Création du Musée océanographique de Monaco
Musée océanographique, Monaco, 1860-1910. Photographie de Gilleta, J. (Site de Gallica )
Le Prince décide la construction d'un musée océanographique à Monaco. La première pierre est posée en 1898, et il l'inaugure en 1910.
Prince souverain
Bien qu'étant présent sur la scène internationale, le Prince Albert est très actif à Monaco, en témoignent les nombreux travaux et infrastructures ayant vu le jour durant son règne. Il souhaite poursuivre le souhait de son père, en faisant de Monaco un lieu de loisirs afin d'attirer une riche clientèle.
Avant même de devenir souverain suite au décès de son père Charles III, survenu le 10 septembre 1889, il est actif sur le sol de la Principauté.
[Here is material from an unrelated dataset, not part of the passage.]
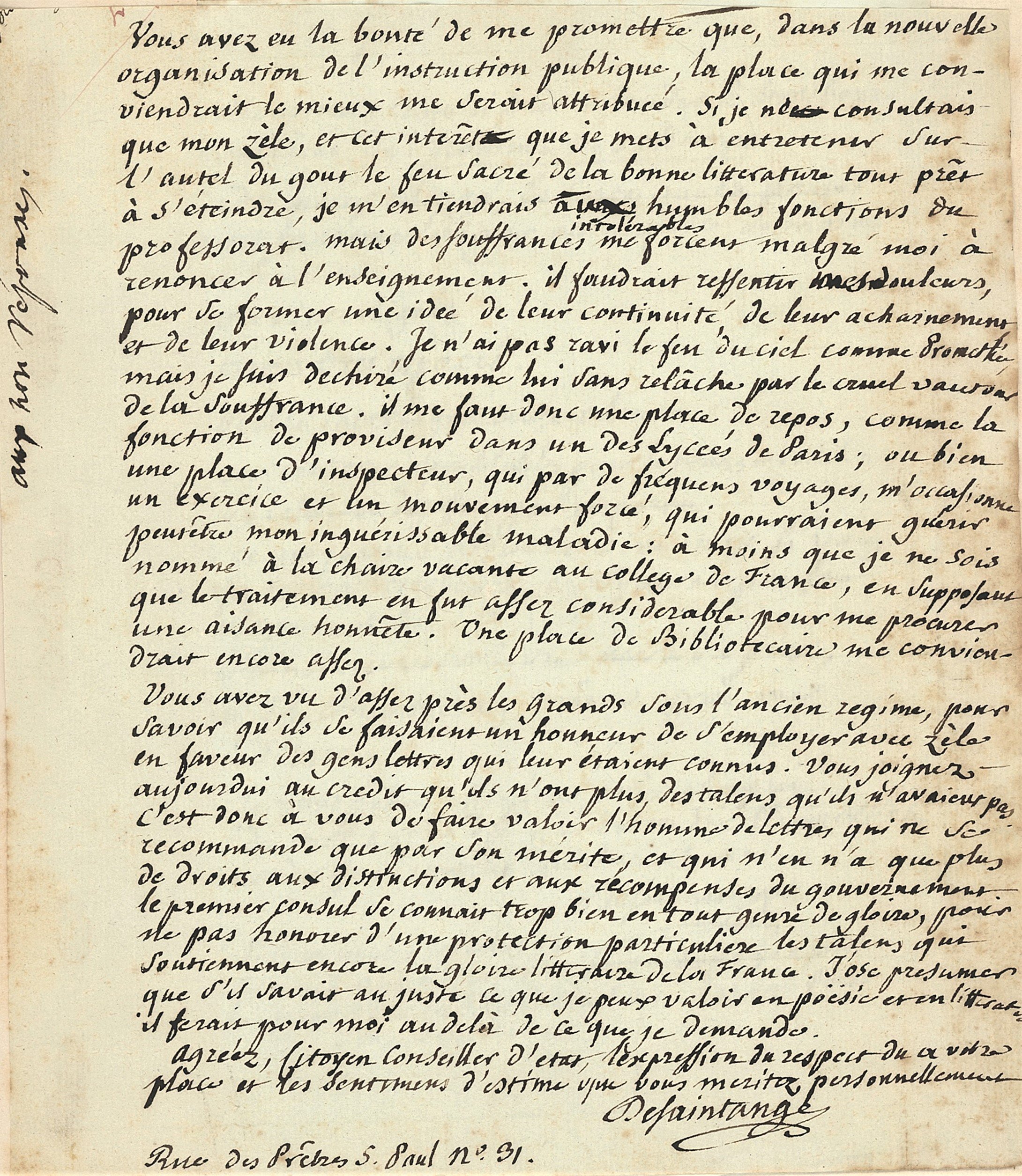L.A.S., [Paris], s.d. [vers 1802], [adressée à Jean Antoine Chaptal, conseiller détat et ministre de lIntérieur], 1 page in-8 ; intéressante lettre dans laquelle de Saint Ange réclame un nouveau poste en dehors de lenseignement dans le cadre de la nouvelle organisation de linstruction publique (loi du 11 floréal an X)

Il est notamment connu pour avoir, à l'âge de 10 ans, posé la première pierre du casino des Spélugues, aujourd'hui, le casino de Monte-Carlo.
Mais c'est en tant que Prince souverain que son altesse sérénissime, le Prince Albert Ier, participe le plus à la modernisation et au rayonnement de Monaco à l'international, comme le démontre ses principales contributions :
Les itinéraires du Rallye de Monte-Carlo de 1911.
Soucieux de la paix dans le monde
Le Prince est un défenseur opiniâtre de la paix, souhaitant régler les conflits par la voix diplomatique. Il accueille par ailleurs le onzième Congrès universel de la paix en 1902, avant de créer l'Institut international de la Paix à Monaco, un an plus tard en 1903.
Son éternel optimisme est vaincu par la survenue d'une guerre qu'il a voulu empêcher : il arrête alors ses explorations. Il décède le 26 Juin 1922 à Paris.